▸ **Assignment**:
Copy exactly the lines of the data below, beginning with the line with "Paisaje de árbol" and ending with the line with "兔鸡狗马 | 开:马48 |". Pictures are to be omitted.

────────

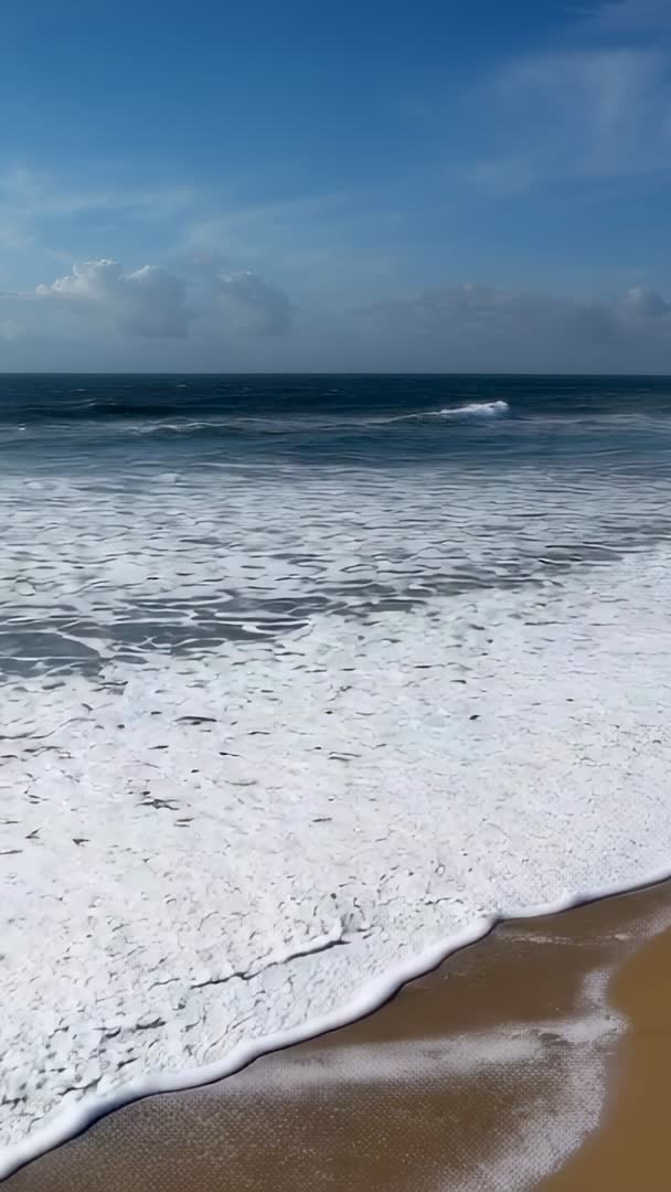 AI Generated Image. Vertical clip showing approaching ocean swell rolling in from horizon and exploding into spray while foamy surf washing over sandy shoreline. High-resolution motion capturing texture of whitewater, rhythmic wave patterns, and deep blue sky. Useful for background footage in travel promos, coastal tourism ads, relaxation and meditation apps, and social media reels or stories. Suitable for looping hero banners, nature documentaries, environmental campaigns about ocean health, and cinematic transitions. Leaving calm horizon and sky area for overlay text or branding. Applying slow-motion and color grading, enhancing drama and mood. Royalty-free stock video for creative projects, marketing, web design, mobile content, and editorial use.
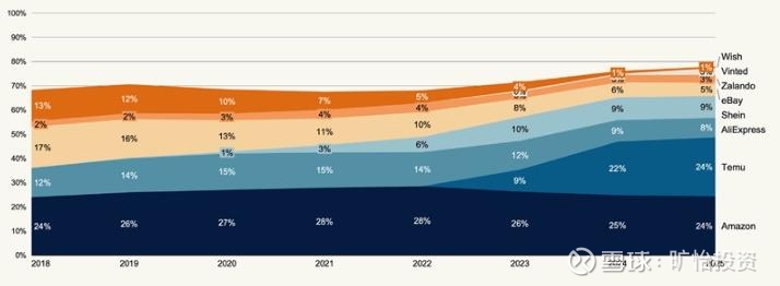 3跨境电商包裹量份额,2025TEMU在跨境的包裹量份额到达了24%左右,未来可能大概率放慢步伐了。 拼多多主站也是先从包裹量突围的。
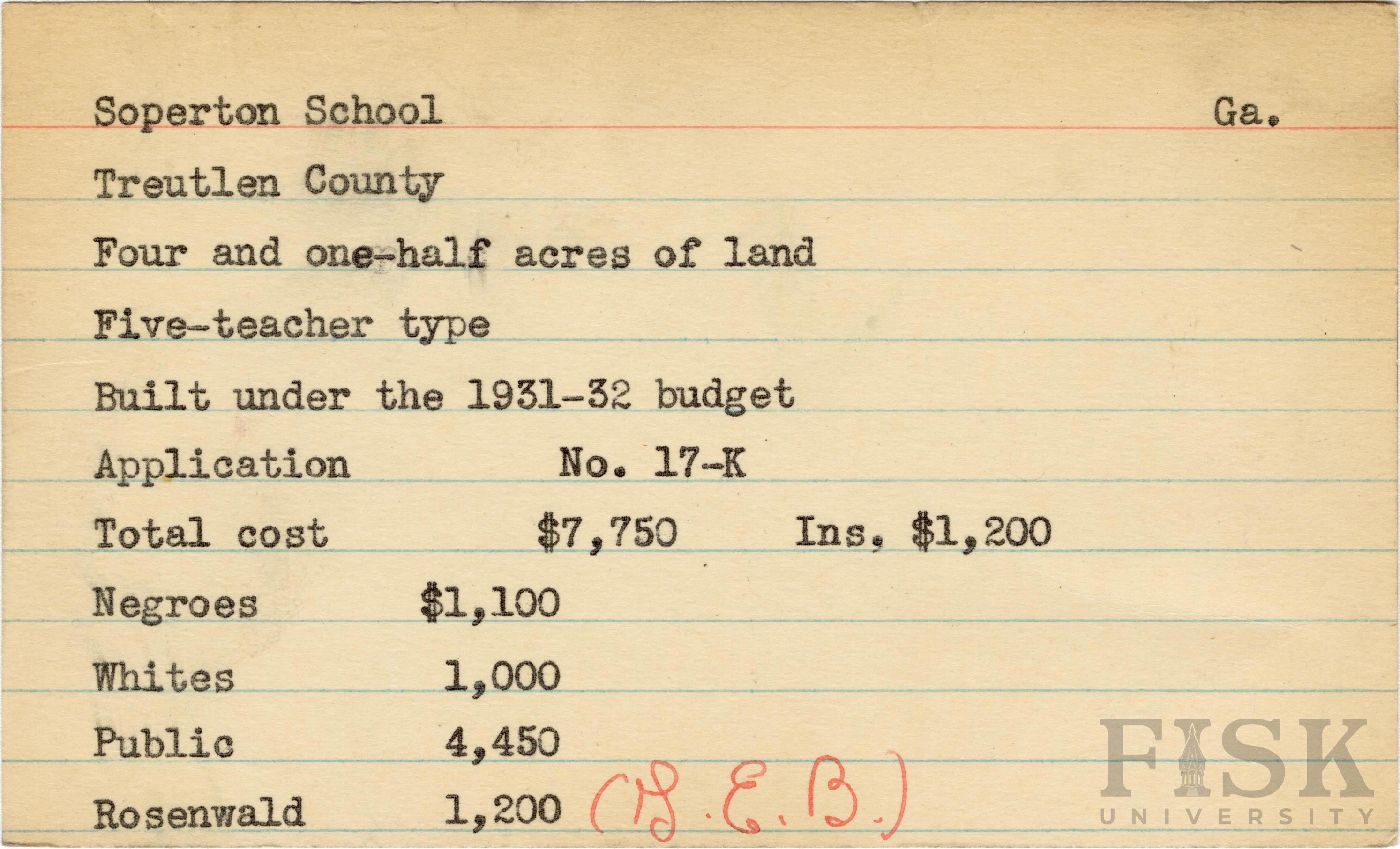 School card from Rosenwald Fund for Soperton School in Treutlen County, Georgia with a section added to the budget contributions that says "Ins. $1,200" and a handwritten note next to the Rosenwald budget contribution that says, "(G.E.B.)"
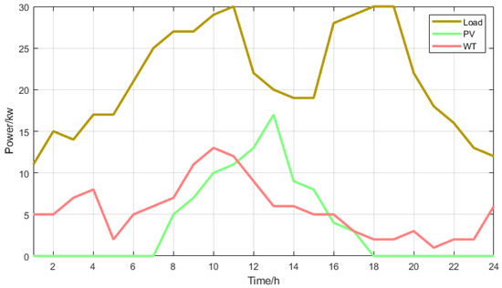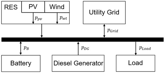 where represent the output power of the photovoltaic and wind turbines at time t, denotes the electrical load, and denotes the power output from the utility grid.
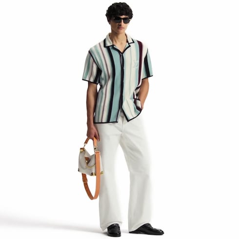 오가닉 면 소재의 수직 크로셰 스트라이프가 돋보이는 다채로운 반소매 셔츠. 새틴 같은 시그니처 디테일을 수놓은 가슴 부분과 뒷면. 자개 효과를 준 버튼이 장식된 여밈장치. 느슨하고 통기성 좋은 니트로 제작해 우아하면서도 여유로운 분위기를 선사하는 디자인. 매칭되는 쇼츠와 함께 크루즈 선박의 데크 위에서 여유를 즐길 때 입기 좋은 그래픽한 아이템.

────────

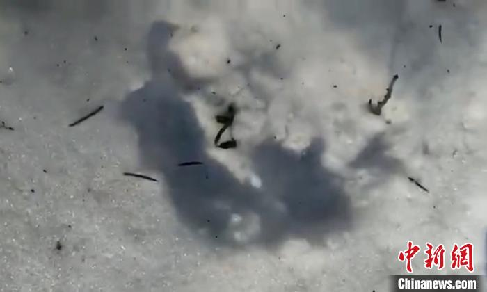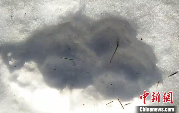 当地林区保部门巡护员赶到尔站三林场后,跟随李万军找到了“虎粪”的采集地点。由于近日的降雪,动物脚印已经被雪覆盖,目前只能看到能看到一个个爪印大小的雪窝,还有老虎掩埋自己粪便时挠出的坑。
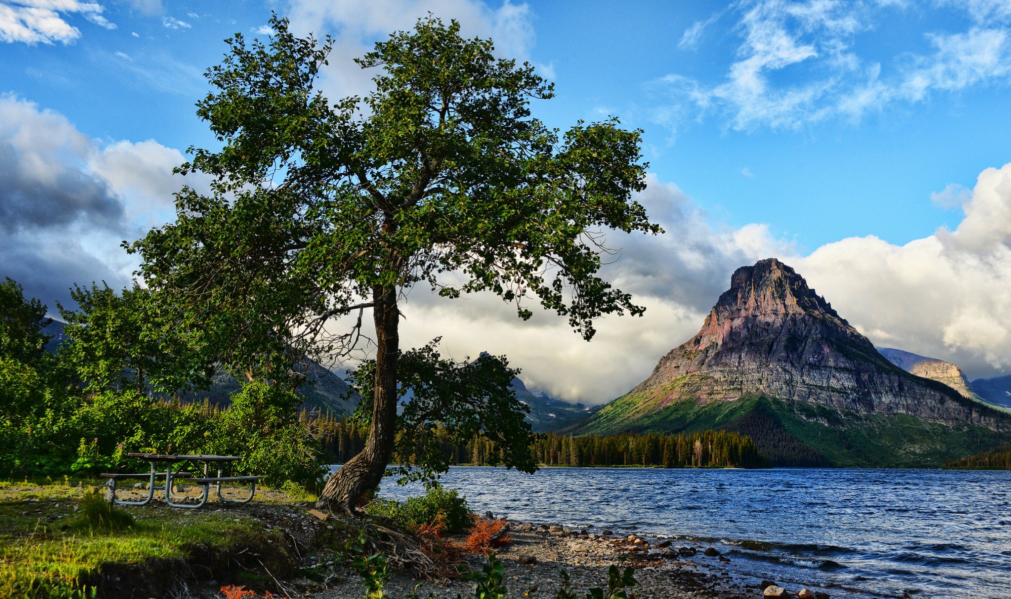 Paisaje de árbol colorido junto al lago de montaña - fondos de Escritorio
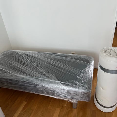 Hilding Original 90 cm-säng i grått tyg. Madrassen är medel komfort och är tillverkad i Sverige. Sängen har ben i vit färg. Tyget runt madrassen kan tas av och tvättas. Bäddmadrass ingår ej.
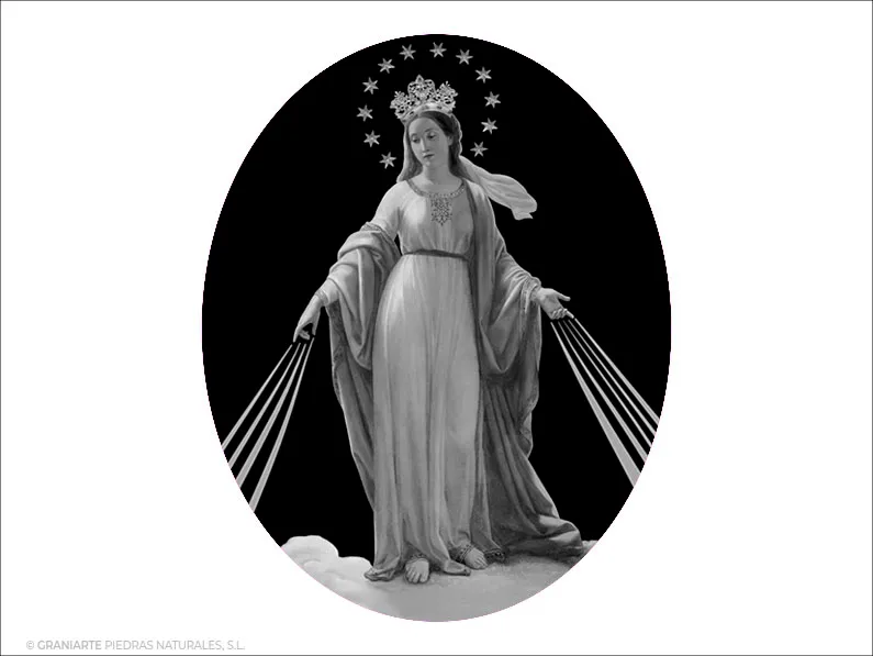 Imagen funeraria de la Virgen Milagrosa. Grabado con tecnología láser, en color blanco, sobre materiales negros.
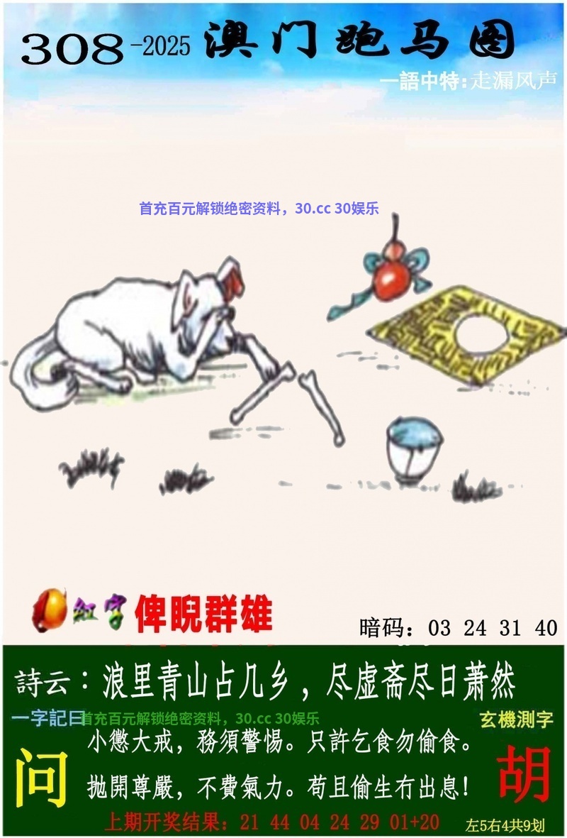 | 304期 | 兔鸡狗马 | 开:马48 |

────────

▸ **Solution to this task**:
 Paisaje de árbol colorido junto al lago de montaña - fondos de Escritorio
 Hilding Original 90 cm-säng i grått tyg. Madrassen är medel komfort och är tillverkad i Sverige. Sängen har ben i vit färg. Tyget runt madrassen kan tas av och tvättas. Bäddmadrass ingår ej.
 Imagen funeraria de la Virgen Milagrosa. Grabado con tecnología láser, en color blanco, sobre materiales negros.
 | 304期 | 兔鸡狗马 | 开:马48 |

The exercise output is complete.